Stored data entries
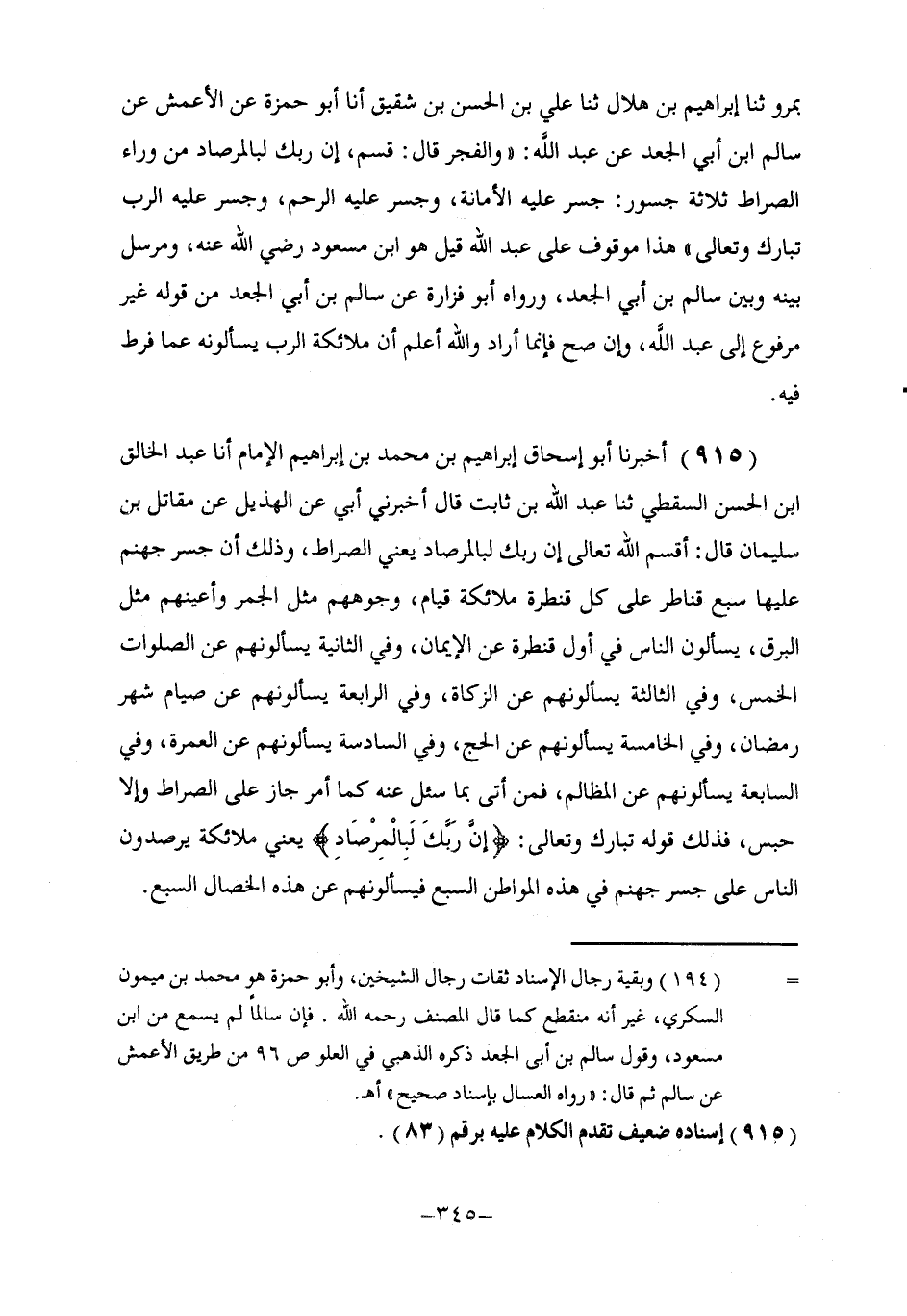 915 - أَخْبَرَنَا أَبُو إِسْحَاقَ إِبْرَاهِيمُ بْنُ مُحَمَّدِ بْنِ إِبْرَاهِيمَ الْإِمَامُ، أنا عَبْدُ الْخَالْقِ بْنُ الْحَسَنِ السَّقَطِيُّ، ثنا عَبْدُ اللَّهِ بْنُ ثَابِتٍ، قَالَ: أَخْبَرَنِي أَبِي، عَنِ الْهُذَيْلِ، عَنْ مُقَاتِلِ بْنِ سُلَيْمَانَ، قَالَ: §أَقْسَمَ اللَّهُ تَعَالَى {إِنَّ رَبَّكَ لَبِالْمِرْصَادِ} [الفجر: 14] يَعْنِي الصِّرَاطَ، وَذَلِكَ أَنَّ جِسْرَ جَهَنَّمَ عَلَيْهَا سَبْعُ قَنَاطِرَ، عَلَى كُلِّ قَنْطَرَةٍ مَلَائِكَةٌ قِيَامٌ، وُجُوهُهُمْ مِثْلُ الْجَمْرِ، وَأَعُيُنُهُمْ مِثْلُ الْبَرْقِ، يَسْأَلُونَ النَّاسَ فِي أَوَّلِ قَنْطَرَةٍ عَنِ الْإِيمَانِ، وَفِي الثَّانِيَةِ يَسْأَلُونَهُمْ عَنِ الصَّلَوَاتِ الْخَمْسِ، وَفِي الثَّالِثَةِ يَسْأَلُونَهُمْ عَنِ الزَّكَاةِ، وَفِي الرَّابِعَةِ يَسْأَلُونَهُمْ عَنِ صِيَامِ شَهْرِ رَمَضَانَ، وَفِي الْخَامِسَةِ يَسْأَلُونَهُمْ عَنِ الْحَجِّ، وَفِي السَّادِسَةِ يَسْأَلُونَهُمْ عَنِ الْعُمْرَةِ، وَفِي السَّابِعَةِ يَسْأَلُونَهُمْ عَنِ الْمَظَالِمِ، فَمَنْ أَتَى بِمَا سُئِلَ عَنْهُ كَمَا أُمِرَ جَازَ عَلَى الصِّرَاطِ وَإِلَّا حُبِسَ، فَذَلِكَ قَوْلُهُ تَبَارَكَ وَتَعَالَى: {إِنَّ رَبَّكَ لَبِالْمِرْصَادِ} [الفجر: 14] يَعْنِي مَلَائِكَةً يَرْصُدُونَ النَّاسَ عَلَى جِسْرِ جَهَنَّمَ فِي هَذِهِ الْمَوَاطِنِ السَّبْعِ فَيَسْأَلُونَهُمْ عَنْ هَذِهِ الْخِصَالِ السَّبْعِ
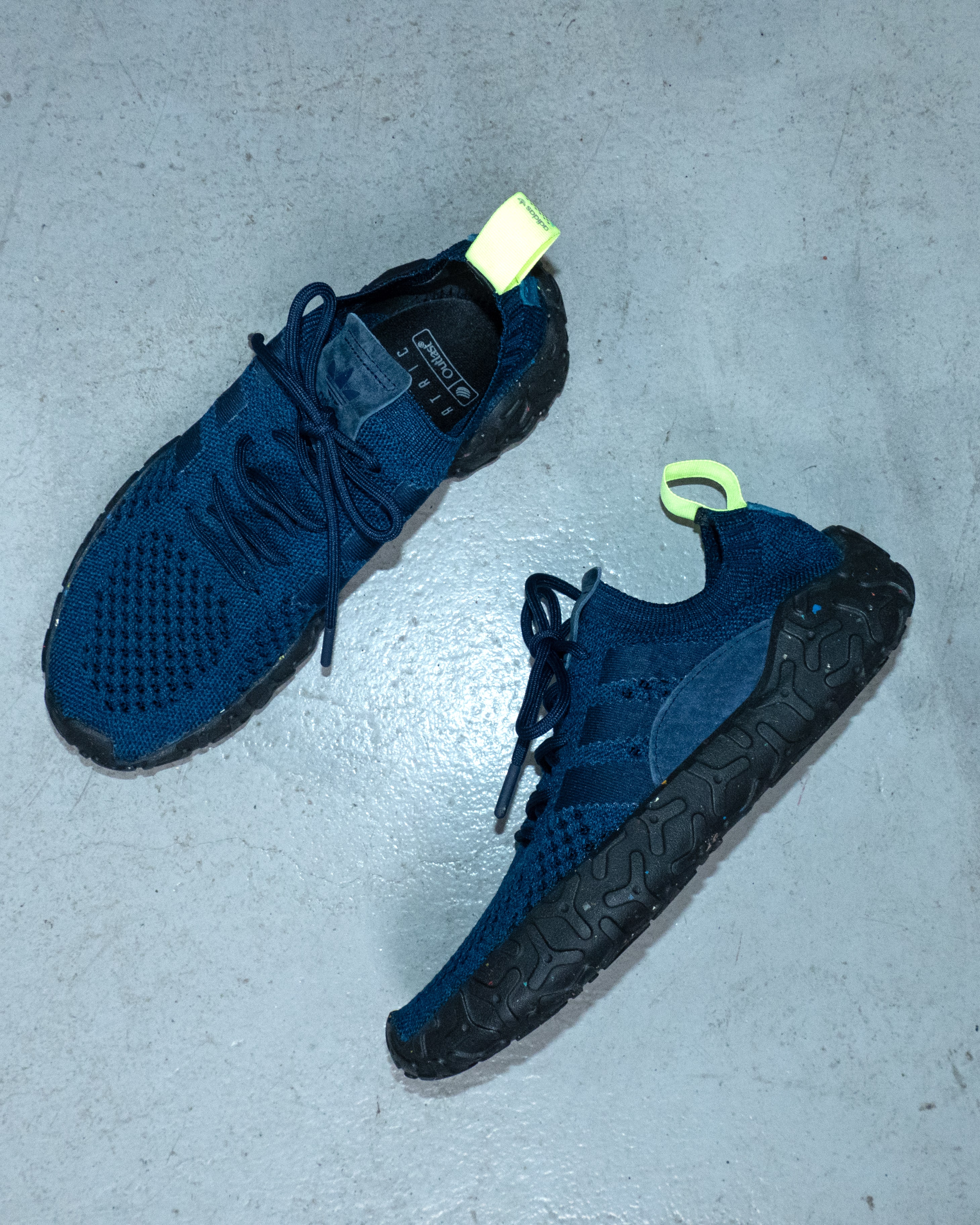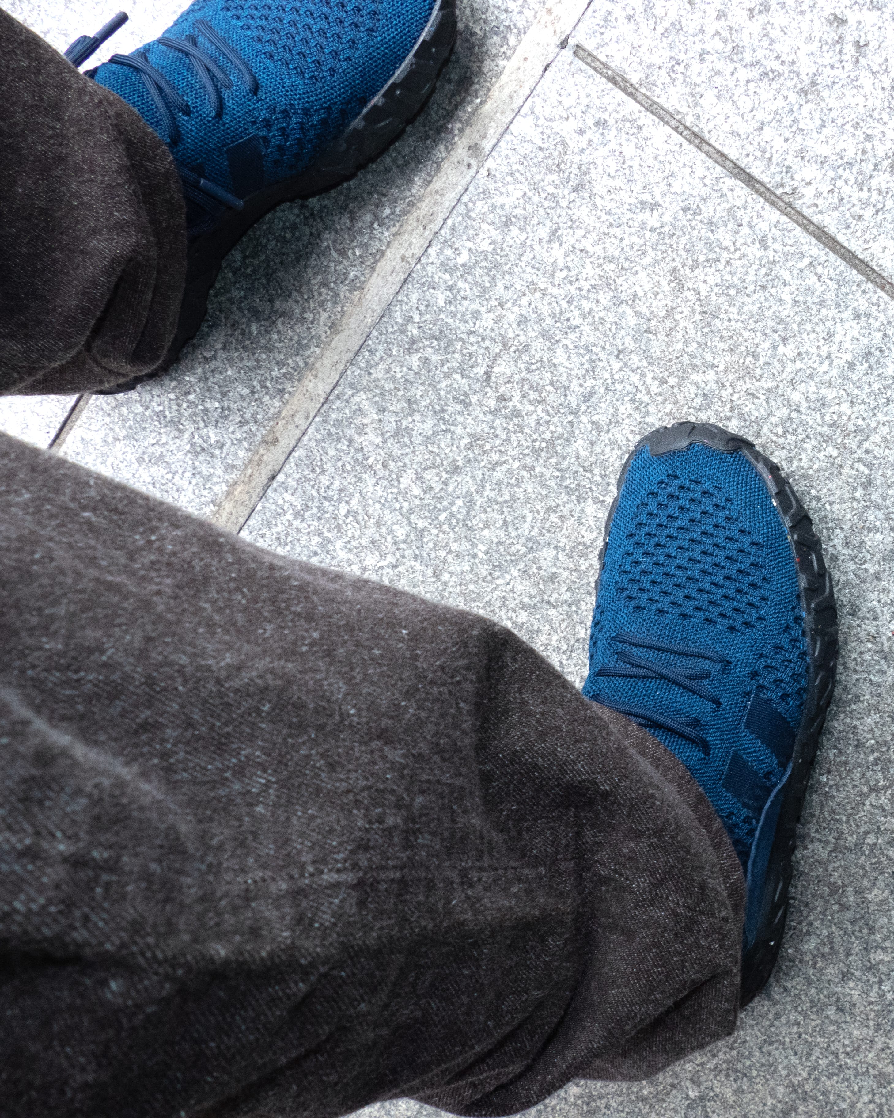 最近気分のニットソーシューズ。こちらは、ネイビーにソールがネップのようになっています。抜群に良い。ウールパンツやスラックスに合わせて履きたい。
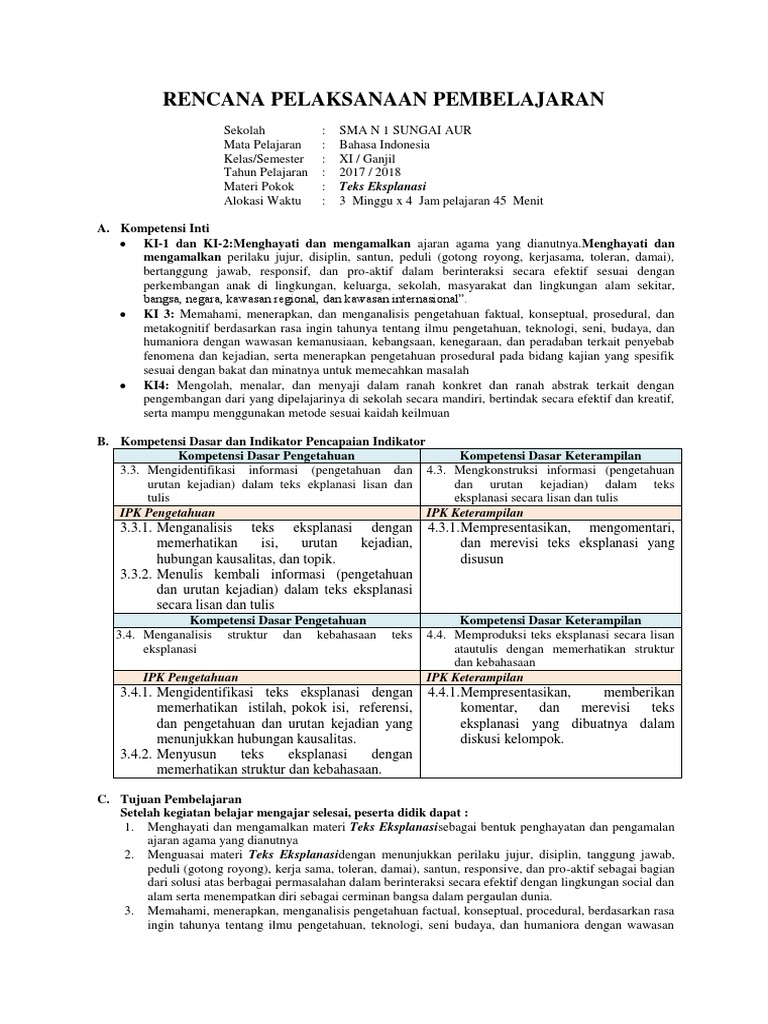 Rpp Kd 3 3 Dan 4 3 Teks Eksplanasi Docx
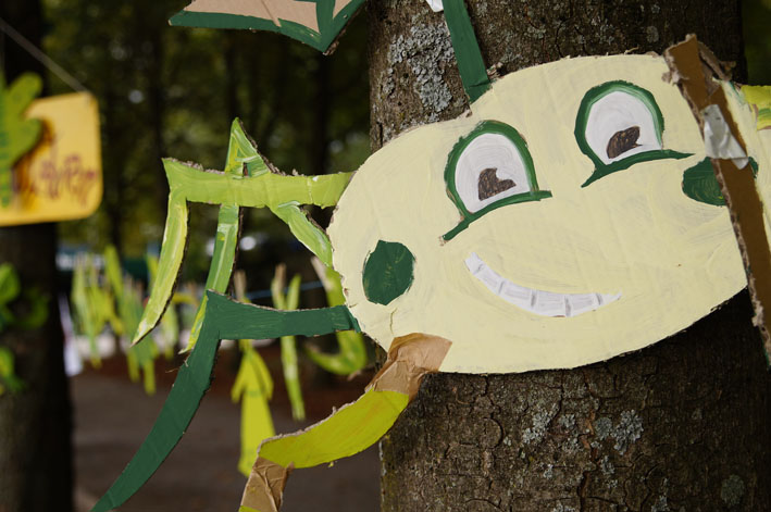 Eine sehr schöne und einfache Gestaltungsidee mit Karton war eine „Camouflage“ mit ausgeschnittenen und bemalten Tierfiguren, die am Rande des Platzes, an und in Bäumen und an Zäunen arrangiert wurden.
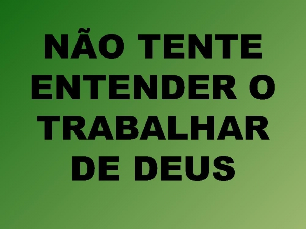 - NÃO TENTE ENTENDER O TRABALHAR DE DEUS
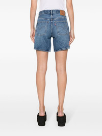 501 cotton denim shorts Highlights - Medium blue - Cotton - Denim - Whiskering effect at the thighs - Logo patch to the rear - Belt loops - Classic five pockets - Thigh-length - Front button fastening Imported Composition Cotton 100% SIZE & FIT FittingInformation Designed for a slim fit that sits just away from the body offering a close yet comfortable fit Sturdy and hard-wearing, this denim piece offers no stretch This piece fits true to size – take your usual size Washing instructions Machine Wash
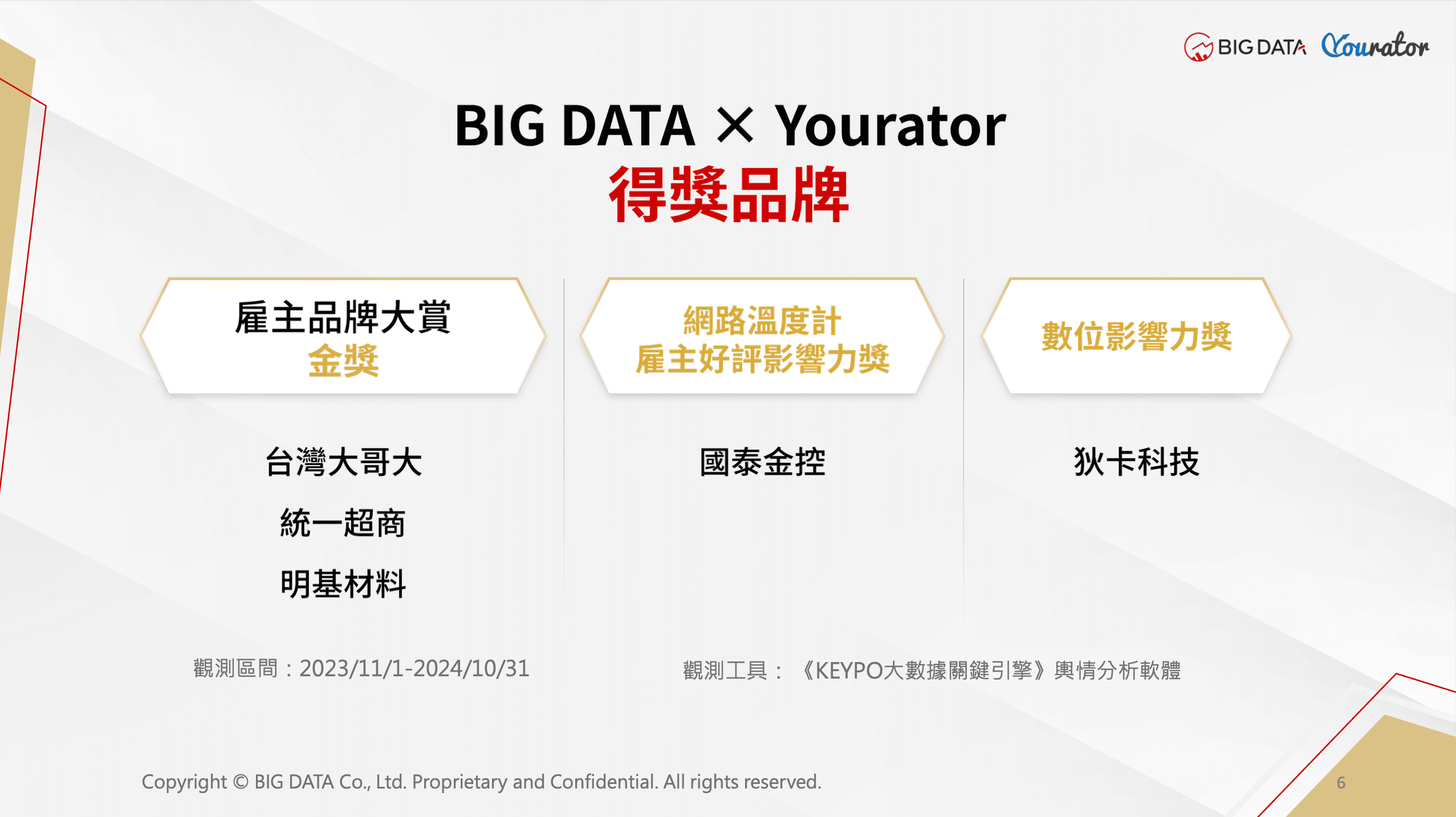 全球進入大缺工時代,企業為搶人才,都在改變招募方針,結合行銷策略、建立雇主品牌,期盼在競爭激烈的人才市場中脫穎而出。由Yourator數位人才媒合平台舉辦 2025數位職涯博覽會暨AI人才高峰會論壇,首度邀請大數據股份有限公司旗下《KEYPO大數據關鍵引擎》輿情分析軟體,以數據化、客觀的角度共同選出獲獎品牌,其中國泰金控獲得本屆「網路溫度計 雇主好評影響力獎」,並於今(14)日公布《第二屆Yourator雇主品牌大賞》洞察報告。大數據(股)公司營運長蔣志薇表示,從今年的獲獎企業中發現,企業除了在招募、聘用和留住年輕人才方面表現優異,並且在發展企業文化、創建員工培訓發展和員工福利方面表現亮眼。2025 年是公司成立十週年,期待透過首次參加職涯博覽會,號召更多具有數據科技實力與創新技術人才加入團隊,為IPO公開發行作業蓄積能量,共同前進。
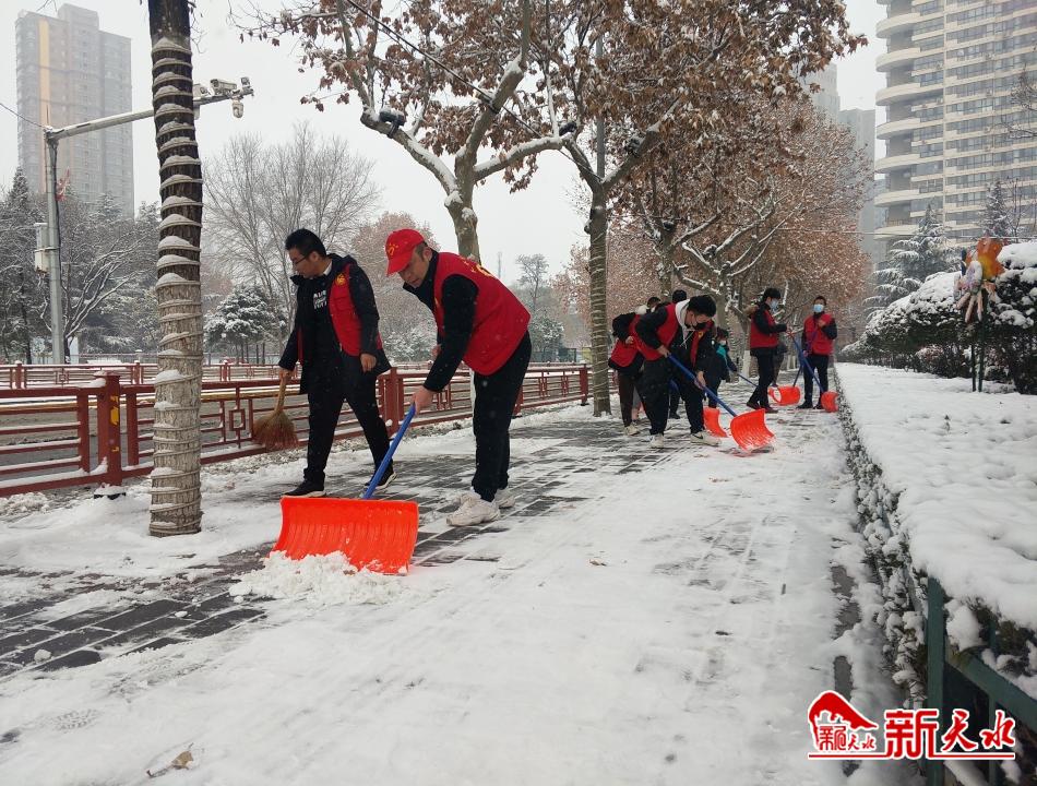 “早上一上班,我们机关志愿群里就发出清扫积雪的倡议,大家积极响应,20多名志愿者经过1小时的忙乎,公园路两边人行道上的积雪都已经清扫完,现在正在清扫樱花园甬道上的积雪。”市政协机关志愿服务队一位姓任的志愿者说。
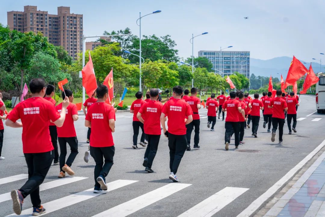 本次健跑活动设在荣昌堂广场,设为环形路线,分为7.23公里全程跑和2.5公里迷你跑。7.23公里旨在纪念中国共产党第一次全国代表大会于1921年7月23日召开,2.5公里寓意着中国工农红军主力的二万五千里长征。大家在高高飘扬的党旗引领下,昂首奋发,踏上健跑征程。5月的南方绿树成荫、生机勃勃,沿着预设的路线,大家迈着矫健的步伐,汇聚成一股磅礴的力量,奋勇前进。

**YOUR OBJECTIVE**
Each entry should be transcribed exactly as given, with pictures omitted.

**TASK OUTPUT**
 915 - أَخْبَرَنَا أَبُو إِسْحَاقَ إِبْرَاهِيمُ بْنُ مُحَمَّدِ بْنِ إِبْرَاهِيمَ الْإِمَامُ، أنا عَبْدُ الْخَالْقِ بْنُ الْحَسَنِ السَّقَطِيُّ، ثنا عَبْدُ اللَّهِ بْنُ ثَابِتٍ، قَالَ: أَخْبَرَنِي أَبِي، عَنِ الْهُذَيْلِ، عَنْ مُقَاتِلِ بْنِ سُلَيْمَانَ، قَالَ: §أَقْسَمَ اللَّهُ تَعَالَى {إِنَّ رَبَّكَ لَبِالْمِرْصَادِ} [الفجر: 14] يَعْنِي الصِّرَاطَ، وَذَلِكَ أَنَّ جِسْرَ جَهَنَّمَ عَلَيْهَا سَبْعُ قَنَاطِرَ، عَلَى كُلِّ قَنْطَرَةٍ مَلَائِكَةٌ قِيَامٌ، وُجُوهُهُمْ مِثْلُ الْجَمْرِ، وَأَعُيُنُهُمْ مِثْلُ الْبَرْقِ، يَسْأَلُونَ النَّاسَ فِي أَوَّلِ قَنْطَرَةٍ عَنِ الْإِيمَانِ، وَفِي الثَّانِيَةِ يَسْأَلُونَهُمْ عَنِ الصَّلَوَاتِ الْخَمْسِ، وَفِي الثَّالِثَةِ يَسْأَلُونَهُمْ عَنِ الزَّكَاةِ، وَفِي الرَّابِعَةِ يَسْأَلُونَهُمْ عَنِ صِيَامِ شَهْرِ رَمَضَانَ، وَفِي الْخَامِسَةِ يَسْأَلُونَهُمْ عَنِ الْحَجِّ، وَفِي السَّادِسَةِ يَسْأَلُونَهُمْ عَنِ الْعُمْرَةِ، وَفِي السَّابِعَةِ يَسْأَلُونَهُمْ عَنِ الْمَظَالِمِ، فَمَنْ أَتَى بِمَا سُئِلَ عَنْهُ كَمَا أُمِرَ جَازَ عَلَى الصِّرَاطِ وَإِلَّا حُبِسَ، فَذَلِكَ قَوْلُهُ تَبَارَكَ وَتَعَالَى: {إِنَّ رَبَّكَ لَبِالْمِرْصَادِ} [الفجر: 14] يَعْنِي مَلَائِكَةً يَرْصُدُونَ النَّاسَ عَلَى جِسْرِ جَهَنَّمَ فِي هَذِهِ الْمَوَاطِنِ السَّبْعِ فَيَسْأَلُونَهُمْ عَنْ هَذِهِ الْخِصَالِ السَّبْعِ
 最近気分のニットソーシューズ。こちらは、ネイビーにソールがネップのようになっています。抜群に良い。ウールパンツやスラックスに合わせて履きたい。
 Rpp Kd 3 3 Dan 4 3 Teks Eksplanasi Docx
 Eine sehr schöne und einfache Gestaltungsidee mit Karton war eine „Camouflage“ mit ausgeschnittenen und bemalten Tierfiguren, die am Rande des Platzes, an und in Bäumen und an Zäunen arrangiert wurden.
 - NÃO TENTE ENTENDER O TRABALHAR DE DEUS
 501 cotton denim shorts Highlights - Medium blue - Cotton - Denim - Whiskering effect at the thighs - Logo patch to the rear - Belt loops - Classic five pockets - Thigh-length - Front button fastening Imported Composition Cotton 100% SIZE & FIT FittingInformation Designed for a slim fit that sits just away from the body offering a close yet comfortable fit Sturdy and hard-wearing, this denim piece offers no stretch This piece fits true to size – take your usual size Washing instructions Machine Wash
 全球進入大缺工時代,企業為搶人才,都在改變招募方針,結合行銷策略、建立雇主品牌,期盼在競爭激烈的人才市場中脫穎而出。由Yourator數位人才媒合平台舉辦 2025數位職涯博覽會暨AI人才高峰會論壇,首度邀請大數據股份有限公司旗下《KEYPO大數據關鍵引擎》輿情分析軟體,以數據化、客觀的角度共同選出獲獎品牌,其中國泰金控獲得本屆「網路溫度計 雇主好評影響力獎」,並於今(14)日公布《第二屆Yourator雇主品牌大賞》洞察報告。大數據(股)公司營運長蔣志薇表示,從今年的獲獎企業中發現,企業除了在招募、聘用和留住年輕人才方面表現優異,並且在發展企業文化、創建員工培訓發展和員工福利方面表現亮眼。2025 年是公司成立十週年,期待透過首次參加職涯博覽會,號召更多具有數據科技實力與創新技術人才加入團隊,為IPO公開發行作業蓄積能量,共同前進。
 “早上一上班,我们机关志愿群里就发出清扫积雪的倡议,大家积极响应,20多名志愿者经过1小时的忙乎,公园路两边人行道上的积雪都已经清扫完,现在正在清扫樱花园甬道上的积雪。”市政协机关志愿服务队一位姓任的志愿者说。
 本次健跑活动设在荣昌堂广场,设为环形路线,分为7.23公里全程跑和2.5公里迷你跑。7.23公里旨在纪念中国共产党第一次全国代表大会于1921年7月23日召开,2.5公里寓意着中国工农红军主力的二万五千里长征。大家在高高飘扬的党旗引领下,昂首奋发,踏上健跑征程。5月的南方绿树成荫、生机勃勃,沿着预设的路线,大家迈着矫健的步伐,汇聚成一股磅礴的力量,奋勇前进。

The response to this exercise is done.